For one thing iterating or indexing single elements of a NumPy array is really slow. 一方面,迭代或索引NumPy数组的单个元素确实很慢。 I recently answered a question including a lot of details (if you're interested you might have a look at it: "convert np array to a set takes too long" ). 我最近回答了一个包含很多细节的问题(如果您有兴趣,可以看一下: “将np数组转换为集合需要太长时间” )。 So the Python approach could be faster simply by converting the array to a list : 因此,通过将array转换为list ,Python方法可能会更快:
def func():
sample = np.random.random_sample((100, 2))
disc1 = 0
n_sample = len(sample)
dim = sample.shape[1]
sample = sample.tolist() # converted to list
for i in range(n_sample):
prod = 1
for item in sample[i]:
sub = abs(item - 0.5)
prod *= 1 + 0.5 * sub - 0.5 * sub ** 2
disc1 += prod
disc2 = 0
for i, j in itertools.product(range(n_sample), range(n_sample)):
prod = 1
for k in range(dim):
a = 0.5 * abs(sample[i][k] - 0.5)
b = 0.5 * abs(sample[j][k] - 0.5)
c = 0.5 * abs(sample[i][k] - sample[j][k])
prod *= 1 + a + b - c
disc2 += prod
c2 = (13 / 12) ** dim - 2 / n_sample * disc1 + 1 / (n_sample ** 2) * disc2
I also replaced the np.abs calls with normal abs . 我还用普通abs替换了np.abs调用。 The normal abs has a lower overhead! 普通abs的开销较低! And also changed some other parts. 并且还更改了其他一些部分。 In the end this is more than 10-20 times faster than your original "normal" approach. 最后,这比原始的“常规”方法快10到20倍。

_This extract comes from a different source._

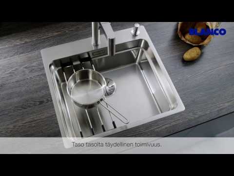 Blanco Etagon -altaan mukana tulevia monikäyttöisiä Etagon-kiskoja on kaksi kappaletta ja ne voi sijoittaa vierekkäin tai päällekkäin joko altaan välitasolle tai pöytätasolle. Monitoimikiskot on suunniteltu sopimaan altaan muotoiluun täydellisesti ja ne pysyvät tukevasti paikoillaan altaan välitasolla. Kiskoja on helppo liikutella ja ne kestävät jopa 180 C lämmön eli voit huoletta asettaa kuumankin kattilan kiskojen päälle, olivatpa kiskot sitten työskentelytason päällä tai altaan keskitasossa. Jos kiskot halutaan siirtää syrjään, pinoutuvat ne siististi päällekkäin ja kiskojen likaantuessa voit pestä ne astianpesukoneessa.
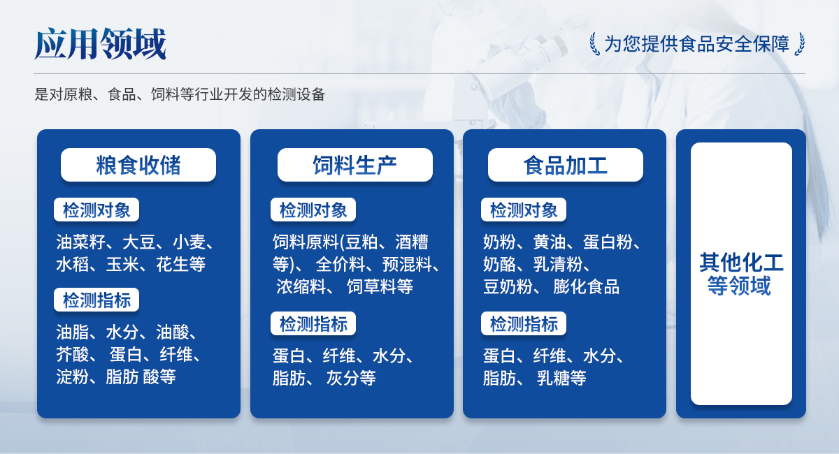 檢測對象:飼料原料(豆粕、酒糟等)、全價料、預(yù)混料、濃縮料、飼草料等 檢測指標(biāo):蛋白、纖維、水分、脂肪、灰分等; | ◆ 食品加工:

I didn't have time to check the NumPy approach yet and @Divarkar already included a really good and optimized approach. 我还没有时间检查NumPy的方法,@ Divarkar已经包含了一个非常好的和优化的方法。 Comparing the two approaches: 比较两种方法:
def func_numpy():
sample = np.random.random_sample((100, 2))
disc1 = 0
disc2 = 0
n_sample = len(sample)
dim = sample.shape[1]
disc1 = np.sum(np.prod(1 +
0.5 * np.abs(sample - 0.5) -
0.5 * np.abs(sample - 0.5) ** 2,
axis=1))
prod_arr = 1
for i in range(sample.shape[1]):
s0 = sample[:,i]
prod_arr *= (1 +
0.5 * np.abs(s0[:,None] - 0.5) +
0.5 * np.abs(s0 - 0.5) -
0.5 * np.abs(s0[:,None] - s0))
disc2 = prod_arr.sum()
c2 = (13 / 12) ** dim - 2 / n_sample * disc1 + 1 / (n_sample ** 2) * disc2
print('Normal function time: ' ,
timeit.repeat('func()', number=20, repeat=3, setup="from __main__ import func"))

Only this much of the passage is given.